Paenibacillus tylopili

Scientific classification
- Domain: Bacteria
- Kingdom: Bacillati
- Phylum: Bacillota
- Class: Bacilli
- Order: Paenibacillales
- Family: Paenibacillaceae
- Genus: Paenibacillus
- Species: P. tylopili
- Binomial name: Paenibacillus tylopili Kuisiene et al. 2008

= Paenibacillus tylopili =

- Authority: Kuisiene et al. 2008

Species of bacterium

Paenibacillus tylopili is a soil-dwelling, Gram-positive, rod-shaped bacterium. Described in 2008, it was found in the mycorhizosphere of the bolete fungus Tylopilus felleus.

==Description==
The Gram-positive cells are rod-shaped, with dimensions of 3.0–5.9 μm long by 1.2–1.6 μm wide. Swollen sporangia produce oval endospores. It has an optimal growth temperature of 25 C, with a minimum of 9 C. Its optimum growth pH is 8.0, but can grow in the range 6.0–9.0. It is a facultative anaerobe. When cultured for two days at 25 C on agar plates containing trypticase soy agar growth medium, the resulting colonies are whitish and somewhat translucent and glossy, round and slightly raised off the surface, measuring 1–2 mm in diameter.

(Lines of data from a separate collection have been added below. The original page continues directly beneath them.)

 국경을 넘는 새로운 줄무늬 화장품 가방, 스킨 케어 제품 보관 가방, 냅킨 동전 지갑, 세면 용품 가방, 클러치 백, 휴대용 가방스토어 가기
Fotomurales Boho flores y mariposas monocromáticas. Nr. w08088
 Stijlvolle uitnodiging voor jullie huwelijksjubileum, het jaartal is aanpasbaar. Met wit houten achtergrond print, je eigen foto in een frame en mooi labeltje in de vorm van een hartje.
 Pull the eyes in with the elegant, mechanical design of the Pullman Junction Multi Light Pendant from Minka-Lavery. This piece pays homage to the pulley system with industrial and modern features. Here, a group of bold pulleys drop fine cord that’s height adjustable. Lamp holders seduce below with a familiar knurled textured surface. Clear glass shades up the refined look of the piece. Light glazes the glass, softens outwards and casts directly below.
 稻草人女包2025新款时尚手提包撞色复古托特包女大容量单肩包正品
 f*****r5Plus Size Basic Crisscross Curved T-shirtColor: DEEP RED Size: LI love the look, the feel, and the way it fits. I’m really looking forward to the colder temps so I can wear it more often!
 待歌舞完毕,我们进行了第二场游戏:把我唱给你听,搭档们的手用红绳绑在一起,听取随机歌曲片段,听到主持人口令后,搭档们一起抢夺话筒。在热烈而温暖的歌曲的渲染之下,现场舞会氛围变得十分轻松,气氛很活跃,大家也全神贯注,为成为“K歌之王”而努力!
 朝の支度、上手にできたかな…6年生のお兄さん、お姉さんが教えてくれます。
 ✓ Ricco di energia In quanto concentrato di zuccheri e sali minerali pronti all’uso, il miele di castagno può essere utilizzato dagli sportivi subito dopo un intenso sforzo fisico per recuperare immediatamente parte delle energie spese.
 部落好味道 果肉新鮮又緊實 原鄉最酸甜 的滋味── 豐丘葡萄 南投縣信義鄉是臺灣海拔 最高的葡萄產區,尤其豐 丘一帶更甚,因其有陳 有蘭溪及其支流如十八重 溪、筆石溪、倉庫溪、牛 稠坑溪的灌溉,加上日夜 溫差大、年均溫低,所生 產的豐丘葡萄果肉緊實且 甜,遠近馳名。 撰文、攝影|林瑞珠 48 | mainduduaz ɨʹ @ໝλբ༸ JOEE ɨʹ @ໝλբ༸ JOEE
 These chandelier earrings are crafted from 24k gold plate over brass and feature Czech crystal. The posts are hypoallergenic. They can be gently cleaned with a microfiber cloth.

In standard tests of physiological characteristics, the bacterium was able to hydrolyse starch, but not casein nor gelatin, and it was able to produce acid from both of the sugars lactose and raffinose. It does not have the ability to reduce nitrate.

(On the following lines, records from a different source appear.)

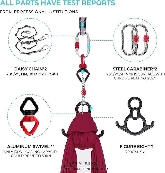 - SILK STYLE - This aerial silk products are made of high-quality materials and well-designed to ensure safety. Our Aerial Silks Kit have undergone strict testing and certification to ensure that there are no safety hazards during use. At the same time, we provide detailed instructions and operation videos to make you feel more at ease when using them.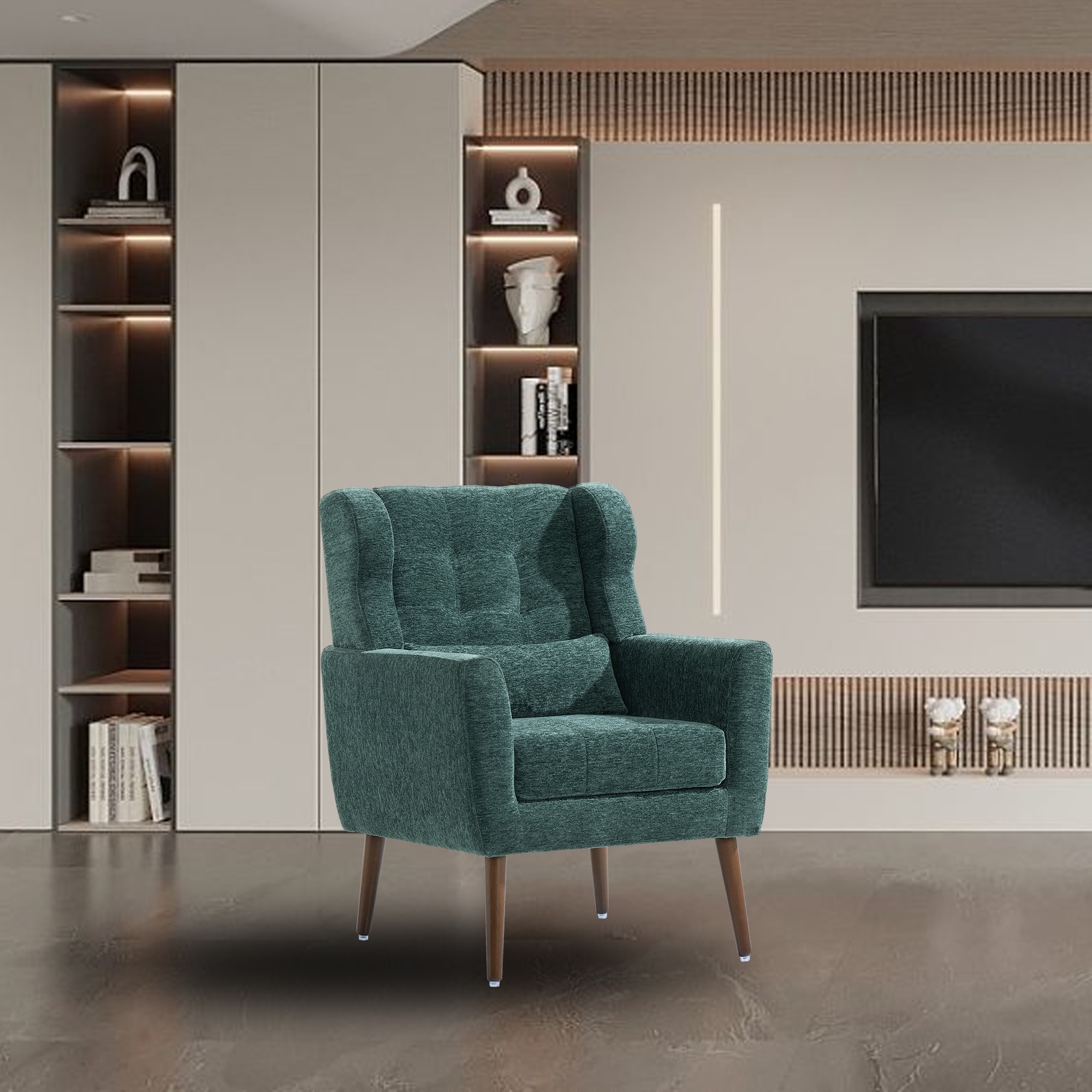 Upholstered Accent Chair Arm Chair with Lumbar Pillow and Metal legs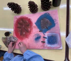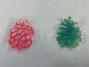本物の松ぼっくりをじっくりと見てパステルで描くレッスン「じっくり松ぼっくり」

Molecular analysis of 16S ribosomal RNA gene sequences shows the species to be closely related to Paenibacillus amylolyticus, P. pabuli and P. xylanilyticus. In 2011, a novel strain of Paenibacillus, named P118, isolated from the gut of the tropical fish Parotocinclus maculicauda, was reported to be closely related to P. tylopili based on 16S rRNA gene sequence similarity. Like all members of the genus Paenibacillus, its predominant fatty acid is anteiso-C15:0 (a straight chain of 15 carbon atoms, without any double bonds). Other abundant fatty acids are iso-C16:0, iso-C15:0 and n-C16:0. The bacterium has a GC-content of 44.3%. Its cell wall contains the diamino acid meso-2,6-diaminopimelic acid.

==Ecology==
Paenibacillus tylopili can degrade the polymer chitin, a major component of fungal cell walls. It lacks the ability to break down N-acetylglucosamine.